The UNESCO World Heritage city of Vigan, Ilocos Sur, offers a glimpse of the Philippines’ colonial past. This is evident in the mixture of European and Asian architecture of the ancestral houses, churches and other structures that are well-preserved around the city. We travel here via a flight to Laoag, then a 2 hour bus ride south to Vigan, but make a quick stop to view historic Paoay Church.
Paoay Church is a UNESCO world heritage site famous for its oriental-gothic-baroque architecture, and construction that dates back to 1694. The bell tower also has historical significance as it served as a lookout point for the Filipino guerillas called Katipuneros guarding against the Japanese forces. The thick walls and buttresses that were constructed to withstand the earthquakes that frequently shake the country, are quite impressive!
Two hours south along the seaside highway we arrive in Vigan. Established in the 16th century, Vigan is the best-preserved example of a planned Spanish colonial town in Asia. Its architecture reflects the coming together of cultural elements from elsewhere in the Philippines, from China and from Europe, resulting in a culture and town-scape that have no parallel anywhere in East and South-East Asia.
The town is located in the delta of the Abra River, off the coastal plain of the China Sea, close to the north-east tip of the island of Luzon.
We will be here for two days, exploring and photographing the town. One of the unique features here is the use of the Kalesa. This was one of the modes of transportation introduced in the Philippines in the 18th century by the Spanish that only nobles and high ranked officials could afford.

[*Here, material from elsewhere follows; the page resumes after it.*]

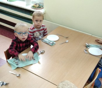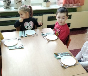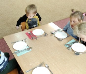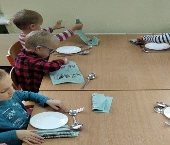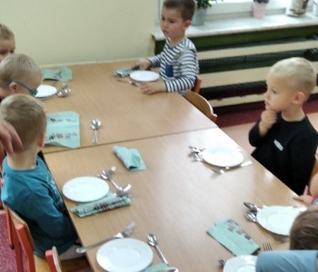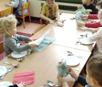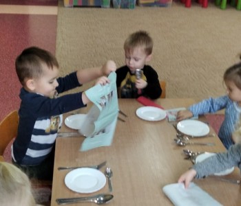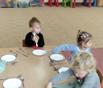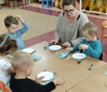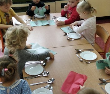 „Przyjmujemy gości” – w taką zabawę dydaktyczną bawiły się dzieci z grupy Krasnala Hałabały. Celem zajęcia było przygotowanie stołu na przyjście gości, ustawianie talerzy, kubków, sztućców, serwetek, nabywanie umiejętności prawidłowego nakrywania do stołu, zachęcanie do dbania o estetyczny wygląd nakrytego stołu, wdrażanie do przyjmowania odpowiedniej postawy przy stole.

The Kalesa driver is commonly called as “Cochero” or “Kutsero”. When “Cochero” direct the horse to turn right he says “mano” and he says “silla” to direct the horse to turn left.
As if on cue, shortly after our arrival in Vigan, a brief rain shower provided a fantastic reflective sheen to the cobblestone streets. After taking cover under awnings temporarily until the rain let up, we emerged and began photographing the activity on historic Crisologo Street.
Along the historic streets of Vigan one can see the local style wooden houses, which are gently decaying here in town and in the villages all along the coasts of north-west Luzon. The woodwork is usually weather-worn to a soft grey color, and around the eaves and windows is often carved. The windows have sliding trellised shutters set with small square panes of capiz shell instead of glass, which makes them look as if they have been whitewashed on the inside. I always encourage my tour guests to look up and see if they can catch someone looking down onto the streets. In this respect, Vigan always reminds me a little bit of Cuba’s Havana Vieja.
Apart from Vigan’s historic and beautiful cobblestone streets and Calesas, the city is famous for Burnay Pottery: Jars made from Vigan are much sought-after by foreign and local visitors. This earthenware is called burnay. The industry that has grown from the making of burnay dates back to pre-colonial times when immigrants from China came to settle in Vigan. They practiced the craft of making earthenware using the grade A clay that was found in plentiful in the Western area of Vigan.
Nowadays, people buy them mostly to serve as decorations inside their homes and gardens. Miniature versions of the jars are also made in abundance because they have become a favorite souvenir item of foreign and local tourists.
The making of burnay is done with just the use of the potter’s skillful hands and use of pottery wheel and kiln. Fine sand is used to temper the clay, which, once fashioned into the desired shape, is placed inside high-temperature ground kilns made from brick and clay. Compared to terracotta, people say that the burnay is hardier.
Its earlier uses were for tea-drinking, and as container for salt, brown sugar, water, local wine (basi) and bagoong (fermented fish). It is even said that basi and bagoong taste much better when stored inside burnays.